*** Data below ***
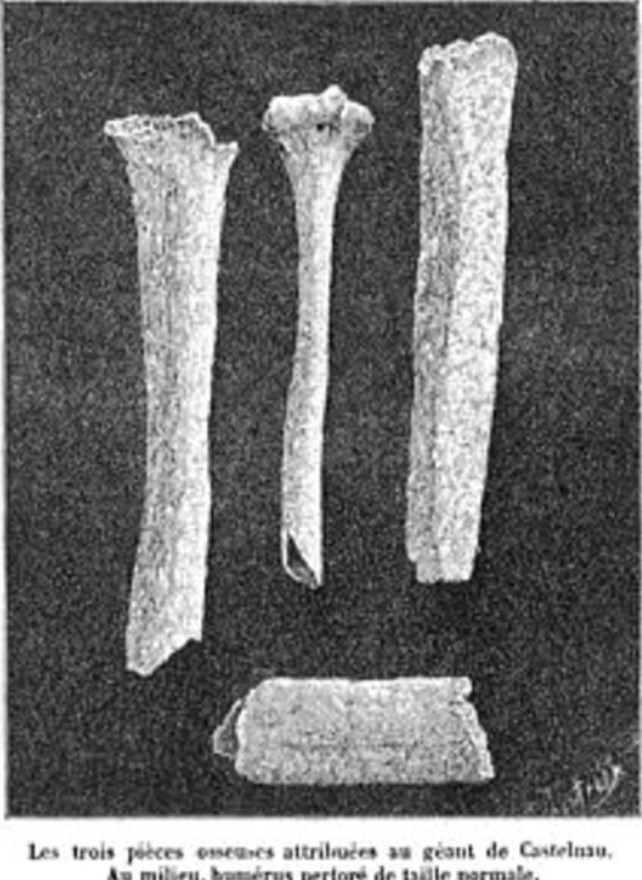 Theo Georges Vacher de Lapouge, ba mảnh xương được đặt tên là "Người khổng lồ của Castelnau" so với một khúc xương chày của hài cốt có kích thước thông thường (ở giữa). (Ảnh: Wikipedia)
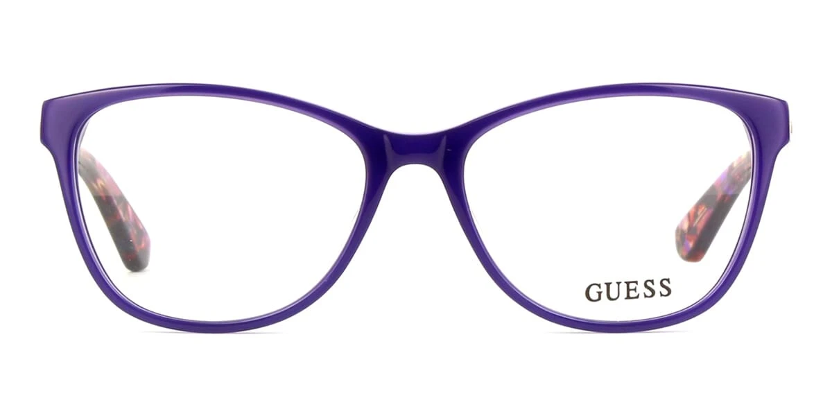 This square Guess optical comes in a violet with dark havana frame.
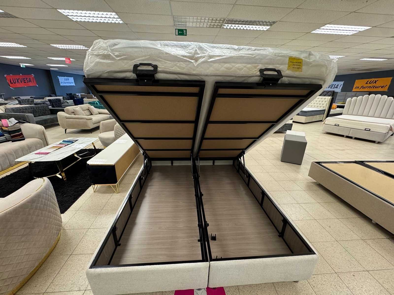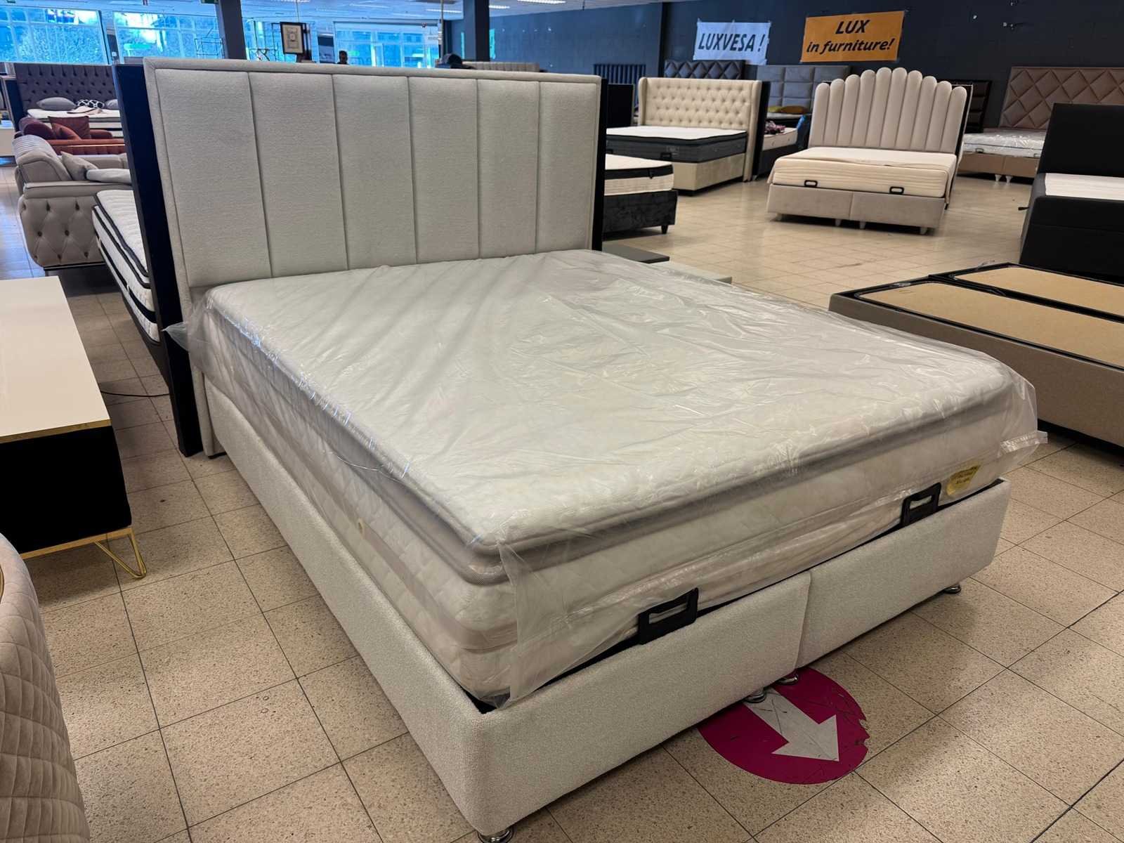 Boxspring tera afmeting L: 160 cm; B: 200 cm; bestaande uit: Hoofdbord, boxen met opbergruimte, Luxe matras met veringen inclusief ; kleur:wit stof; staat: showroommodel
*** End of Data below ***
**Work item:** Make a word-for-word repeat of the material, skipping all pictures.

**Exercise output:**
 Theo Georges Vacher de Lapouge, ba mảnh xương được đặt tên là "Người khổng lồ của Castelnau" so với một khúc xương chày của hài cốt có kích thước thông thường (ở giữa). (Ảnh: Wikipedia)
 This square Guess optical comes in a violet with dark havana frame.
 Boxspring tera afmeting L: 160 cm; B: 200 cm; bestaande uit: Hoofdbord, boxen met opbergruimte, Luxe matras met veringen inclusief ; kleur:wit stof; staat: showroommodel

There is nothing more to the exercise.